I have Mercer and Dexter knives and some Tojiro DP knives.  The Mercer and Dexter knives are serviceable, but probably a level below the Victorinox (Forschner).  All three (and all of the Wusties) are harder to sharpen than Japanese knives and will get dull faster.  It's just the nature of the steel.  Mass-market European and American knives are made to be tough, and to resist chipping and steel loss.  That minimizes inventory problems with customers and with distributors.  

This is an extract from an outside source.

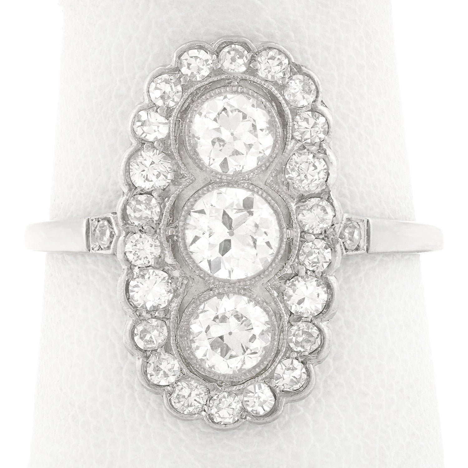Circa 1920s, Platinum. This Art Deco jewel reflects the confident style that is the hallmark of twenties jewelry. Featuring 1.50 carats of exceptional white diamonds, fine fabrication in platinum completes the picture. Excellent condition.

On the other hand, Japanese higher-end knives are made to be brought to a sharp edge and to hold that edge.  Chipping and other breakage is held to be a lower priority than getting that edge sharp.  The Tojiro DP and the MAC are made in that tradition.  Thus, the Tojiro DP clearly outshines Victorinox, Mercer and Dexter in terms of taking a good edge and holding it longer..  Its drawbacks are those common to VG-10 core knives - a tendency to chip when used with frozen foods, and when used against bone.  Otherwise, its better than any other knives discussed in this thread, excepting the MAC.

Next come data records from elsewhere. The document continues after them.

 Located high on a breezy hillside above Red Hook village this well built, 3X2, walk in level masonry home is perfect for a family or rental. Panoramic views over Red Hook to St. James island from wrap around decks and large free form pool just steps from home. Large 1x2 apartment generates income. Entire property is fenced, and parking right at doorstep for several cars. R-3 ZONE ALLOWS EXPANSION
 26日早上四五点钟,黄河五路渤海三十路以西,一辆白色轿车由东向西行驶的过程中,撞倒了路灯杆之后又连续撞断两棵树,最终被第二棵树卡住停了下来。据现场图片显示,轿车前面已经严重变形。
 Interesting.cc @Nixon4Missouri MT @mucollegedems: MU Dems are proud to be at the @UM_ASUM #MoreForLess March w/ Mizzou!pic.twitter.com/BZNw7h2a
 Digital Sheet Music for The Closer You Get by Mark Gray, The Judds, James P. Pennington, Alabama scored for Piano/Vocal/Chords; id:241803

Dexter and CCK are two completely separate companies making broad knives (i.e., "Asian Cleavers").  The Dexter Asian Cleaver is stainless steel, while most CCK knives are carbon steel.

Galley Swiller


----------



## wilsongau (Aug 8, 2014)

I ended up getting this set. Too good of a deal for me to pass. http://home.woot.com/offers/victorinox-3-piece-cutlery-set-4?ref=ref=cnt_wp_10_10


----------



## galley swiller (May 29, 2013)

A good price for a secondary knife set for your guests.  My one quibble is over the honing steel.  Like all other European mass market manufactured steels (more properly known as "honing rods"), it is made to be just harder than the knives made by its manufacturer.  However, it is in all likelihood not harder (and most likely softer) than the various steels used in quality Japanese knives, such as MAC.  I also note that the picture shows a slight degree of some sort of texturing of the surface of the Victorinox steel.  My worry is that some guest will take the hone and use it on a Japanese knife readily at hand (such as your MAC Professional), not knowing better, with major damage to both the honing rod and the edge of the Japanese knife.

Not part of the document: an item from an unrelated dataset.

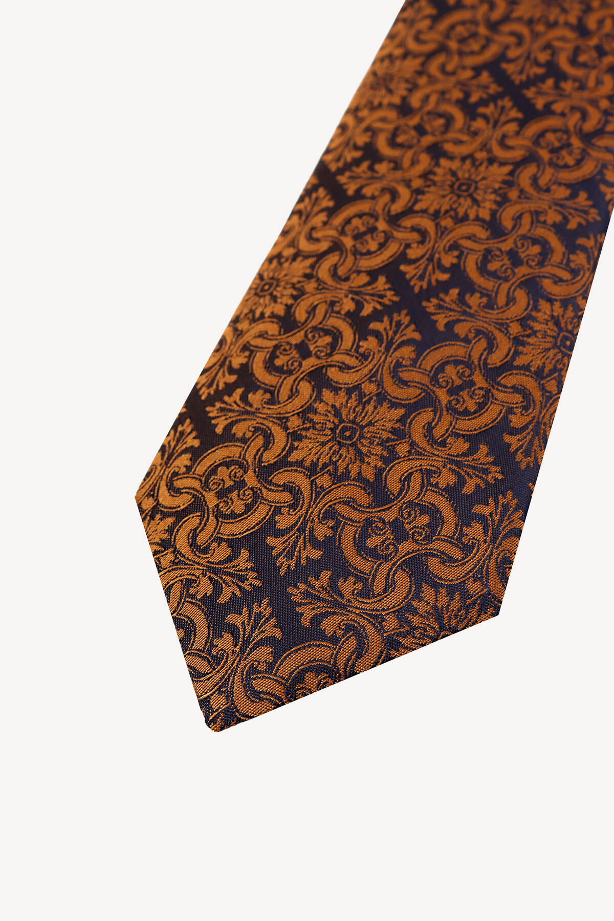 Erkek Lacivert Sarı Desenli Kravat Mendil Set
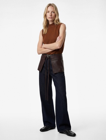 Koton X Sibil Çetinkaya - Kemerli Cepli Yüksek Bel Düz Bol Paça Kumaş Pantolon Sepete Ekle

Using a honing rod with steel softer than the steel in the edge of a knife being honed is a prescription for disaster: the harder steel of the knife edge will dig into the softer steel of the hone, until the edge catches in the now-created cut in the hone.  Then a sudden build-up of pressure at a microscopic area will result in the pressure being relieved both by a breakage of the knife edge (chipping) and a gouge being opened on the face of the hone - which will be a future point of damage if the hone is used again.     

However, not all is lost.  My simple recommendation is that you simply throw the Victorinox honing steel away.  There's simply no benefit to keeping it and plenty of risk of future unintended damage.  You already have a much superior MAC honing rod, which is good on ALL of your knives.

The Home WOOT price is a modest and not spectacular price savings, if you are considering just the prices of the Victorinox knives, without the honing steel.  Checking Amazon as I type this, Amazon offers the 8 inch chef's knife at $33.60 and the 3-1/4 inch spear point straight edge paring knife for $7.80, for a total of $41.40.

Galley Swiller


----------



## harrisonh (Jan 20, 2013)

sorry, I thought I made it clear that the dexter CCK was made by subconrtactors and that it's not a dexter sani-safe, icut, or any one of their other models. Galley swiller IS correct. The CCK is NOT "made" by Dexter. I mentioned the CCK only because someone else mentioned it. But they ARE terrific knives when used properly (vertical cutting or drawing, not locomotion cutting). Dozens of working chefs (not just line cooks) I know have the and use them daily.


I DO agree that the handle can be used "baseball bat style" like Galley Swiller (love that name) says. But they are perfectly fine pinch grip as well, and for my tastes, I still think the angles are more ergonomic whether baseball grip or pinch grip. I disagree that they are made more for a person who is going to use a baseball style grip. After all they're designed for prep and line cooks, not home cooks, and for most work a real cook is gonna use a pinch grip. When working under certain conditions, it helps to have both grips in mind. In a real kitchen the ability to maintain control even when slippery with blood fat or grease, is a major factor.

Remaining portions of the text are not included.